Proudest Achievement
Across my various positions and projects, the through-line was providing the data and finding ways to improve the public’s health—from encouraging a small rural health clinic to put a poster on the wall with disease case definitions, to creating or evaluating multiple nationwide surveillance systems, and to reducing violence against children across a whole country. Every day, and in every project, I’d see myself and my co-workers never stop finding ways to improve health.
Leaving CDC
When the Trump administration came in, we were worried about our ability to continue our work. We were focused on violence prevention, working globally, and our work intersected with gender and sexuality. We also worked with USAID. We knew there was going to be some turmoil and changes. On April 1, 2025, almost the entire branch received reduction in force (RIF) notices. Initially we were given 2 months of administrative leave; later our separation date was delayed by court cases. Eventually the court case was narrowed, and my colleagues and I were all separated in September 2025.

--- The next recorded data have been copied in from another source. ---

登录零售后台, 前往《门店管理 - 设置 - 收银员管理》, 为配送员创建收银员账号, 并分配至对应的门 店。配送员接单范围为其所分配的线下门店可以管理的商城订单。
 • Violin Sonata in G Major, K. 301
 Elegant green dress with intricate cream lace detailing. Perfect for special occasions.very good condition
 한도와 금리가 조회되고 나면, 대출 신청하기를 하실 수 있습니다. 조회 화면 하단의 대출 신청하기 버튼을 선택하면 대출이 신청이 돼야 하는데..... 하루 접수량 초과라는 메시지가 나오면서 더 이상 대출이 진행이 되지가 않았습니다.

Now that most of our branch is gone, the loss is incalculable. There was a fully functioning branch that was making huge strides to decrease violence against children globally and in the US. There was a huge amount of expertise and decades of experience from hard-working, dedicated, intelligent staff, and there has been very little effort to preserve that. We have lost the skillset and capability to try to understand and intervene in violence against children. This skill set is lost at CDC and will be lost outside of CDC since CDC will not be able to provide technical assistance to others.
Future Plans
I am now working in a position like my second position at CDC. I am working for a company that owns a large complex data repository and our clients either access the dataset to do their own analyses, or contract with us to do the analyses.

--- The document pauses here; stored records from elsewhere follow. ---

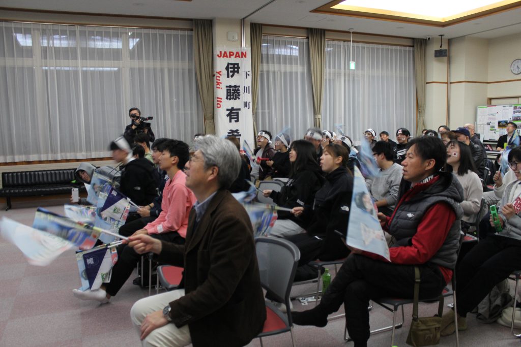 参加者は、二階堂選手の小旗を持って熱心に応援。1本目を終わって僅差で6位につけた。メダル圏内とあって、集まった多くの参加者は逆転を信じ、大いに盛り上がった。
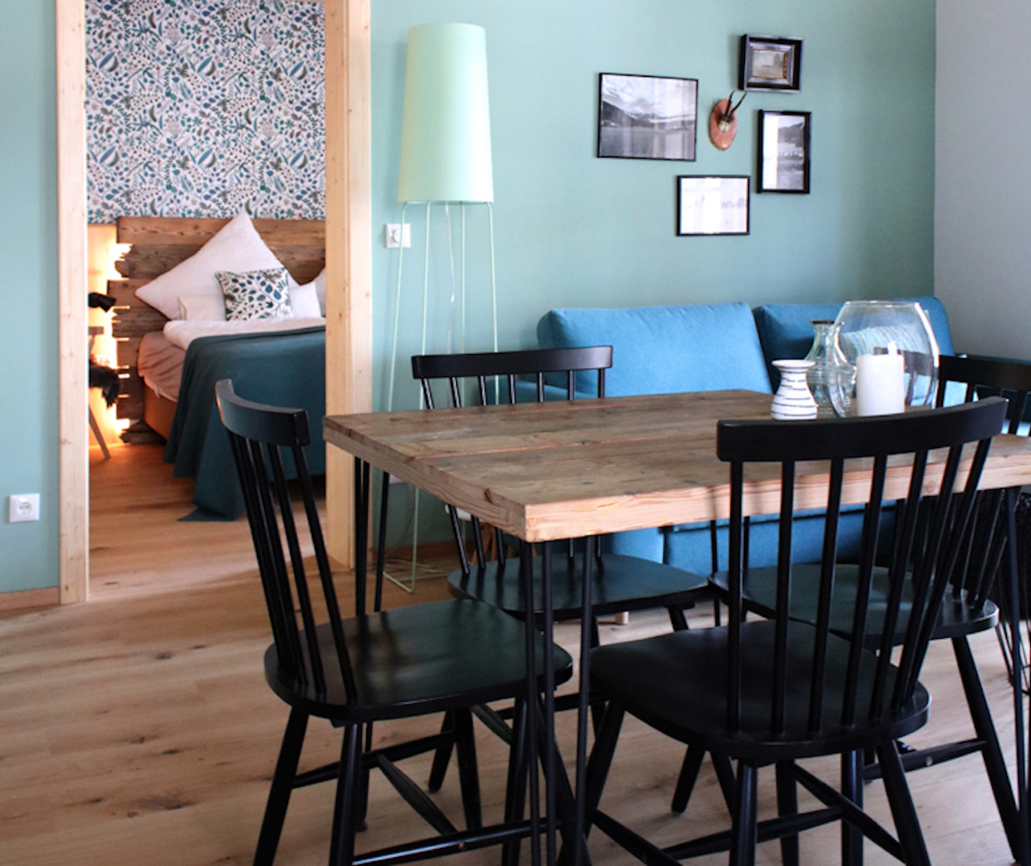 In 40 bis 121 m² großen Quartieren genießt Ihr mit bis zu 8 Personen das malerische Dachstein Salzkammergut. Unsere Innenarchitektin Janka hat mit viel Herzblut aus jedem Raum ein kleines Kunstwerk gemacht. Bequeme Boxspringbetten, biozertifizierte Wand- und Deckenfarben, Eichenholzböden, Altholzverzierungen aus der Region und top ausgestattete Küchen sorgen für Komfort mit Alpencharme. Für größere Events oder Incentives bietet das gesamte Dachstein 7 für bis zu 44 Gäste Platz.
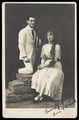 Ern and Chick, two actors, Chick in drag, pose in summer attire. Photographic postcard, ca. 1918.

I am thankful for the people who have remained at CDC and are trying to preserve what is still there. Hopefully the people still there and those separated that want to return will be part of the effort to reconstitute CDC in the future. Now having a great job that I am excited about makes it unlikely that I would return in the near or medium term.
Other Comments
I think the American public is unaware of how diverse CDC’s work was. Most people were aware of CDC’s work on contaminated food products for example, but are not aware that CDC was working to improve every component of health: infectious disease, chronic disease, violence, mental health, and everything in between. CDC was working in the US and globally, and at home, in the hospital, and in the community. CDC was helping Americans every day; in ways the public knows about and in many ways they do not know about.

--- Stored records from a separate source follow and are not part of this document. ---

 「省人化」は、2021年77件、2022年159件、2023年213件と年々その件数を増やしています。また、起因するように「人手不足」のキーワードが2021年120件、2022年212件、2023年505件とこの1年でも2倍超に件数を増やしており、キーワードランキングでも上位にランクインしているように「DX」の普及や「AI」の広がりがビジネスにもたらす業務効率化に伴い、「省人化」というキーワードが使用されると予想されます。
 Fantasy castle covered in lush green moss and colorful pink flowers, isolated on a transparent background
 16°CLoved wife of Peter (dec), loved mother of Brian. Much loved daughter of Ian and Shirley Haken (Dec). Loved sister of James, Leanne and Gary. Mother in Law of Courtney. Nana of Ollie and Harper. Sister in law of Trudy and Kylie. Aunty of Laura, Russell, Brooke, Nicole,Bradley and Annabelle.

There have been many positives of my time at CDC, and I am thankful I was able to work there for as long as I did. Partners and affected people were thankful we were helping them. I have made good friends and seen parts of the world I would not have seen otherwise. CDC has been a wonderful place to work. We were well regarded by the American people, and employee satisfaction was very high. Hopefully, it will eventually come back to that.